Educating Bradford

Educating Bradford

2. Bradford Technical College

technical, scientific, artistic and general instruction in the various processes involved in the production of Worsted, Woollen, Silk and Cotton fabrics.”

Bradford Technical School Prospectus

Originally a weaving school set up in 1878, Bradford Technical School (later College) initially focused on textile education before expanding into other technical and vocational courses. This development and expansion has resulted in today’s Bradford College being one of the UK’s largest colleges.

In the 1860s, Bradford was at risk of losing its reputation as a textile capital to European competitors and in the 1870s, textile trade declined due to a financial depression. Bradford had to re-establish itself as a leader in the textile industry. As a result, Bradford Mechanics’ Institute set up a small Weaving School in 1878 which developed into Bradford Technical School.

The first Bradford Technical School building was officially opened in 1882 by the Prince of Wales. It had four departments: Textiles; Art and Design; Engineering; and Chemistry and Dyeing. It was renamed Bradford.

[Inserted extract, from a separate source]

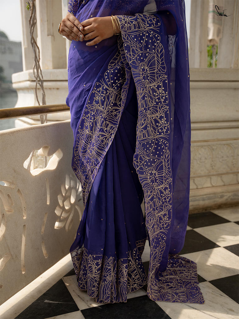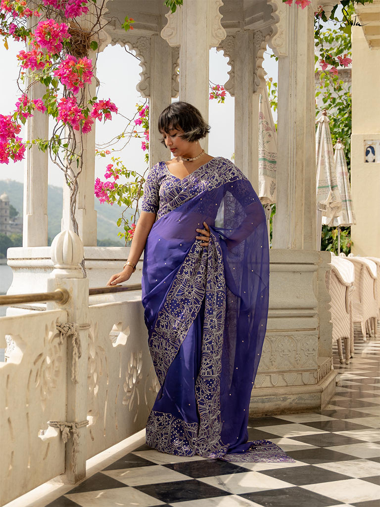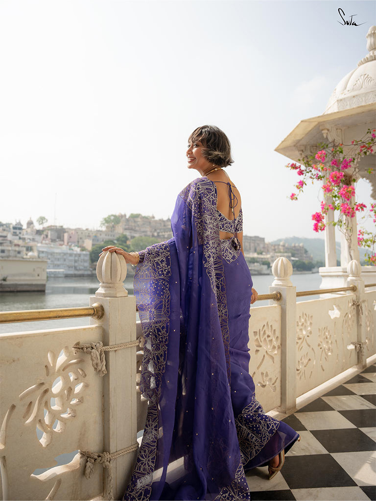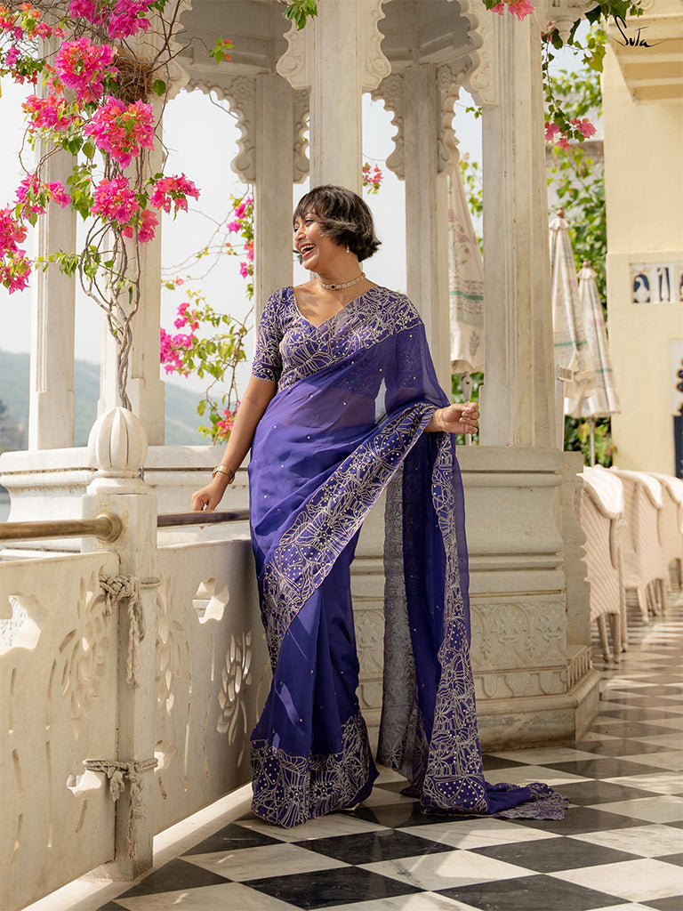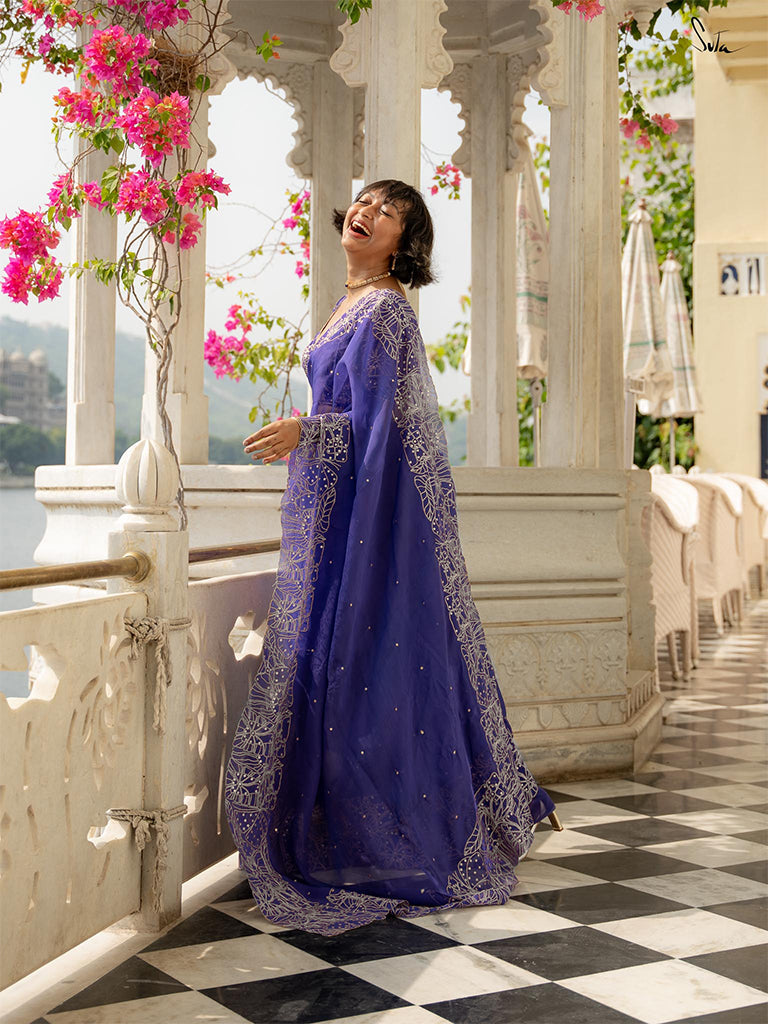 This violet saree is crafted from the viscose organza fabric with intricate silver zari embroidery, creating a fractal of butterflies and flowers. Sequins dancing all over the saree, is the optimal final touch.

The Technical Instruction Act in 1889 prompted the college to be handed over to the local authority as it could now levy rates to support technical and manual instruction. The college was then run by a committee of councillors and aldermen. The 1904 Education Act meant that this Technical Instruction Committee was replaced by a local authority Education Committee. At this point, it had 143 full-time day students and 623 regular evening students.

As early as 1868, W. E. Forster, education reformer, had suggested that Bradford should have a technological university. In 1956, it was announced that Colleges of Advanced Technology (CATs) would be developed. A Bradford CAT, the Bradford Institute of Technology, was set up to deliver undergraduate and postgraduate courses. Bradford Technical College continued to deliver below Higher National Certificate education. Bradford Institute of Technology would become the University of Bradford.

Bradford College has a unique Textile Archive which preserves its origin as a textile-focussed Technical College and continues providing educational opportunities for those interested in developing textile knowledge and skills.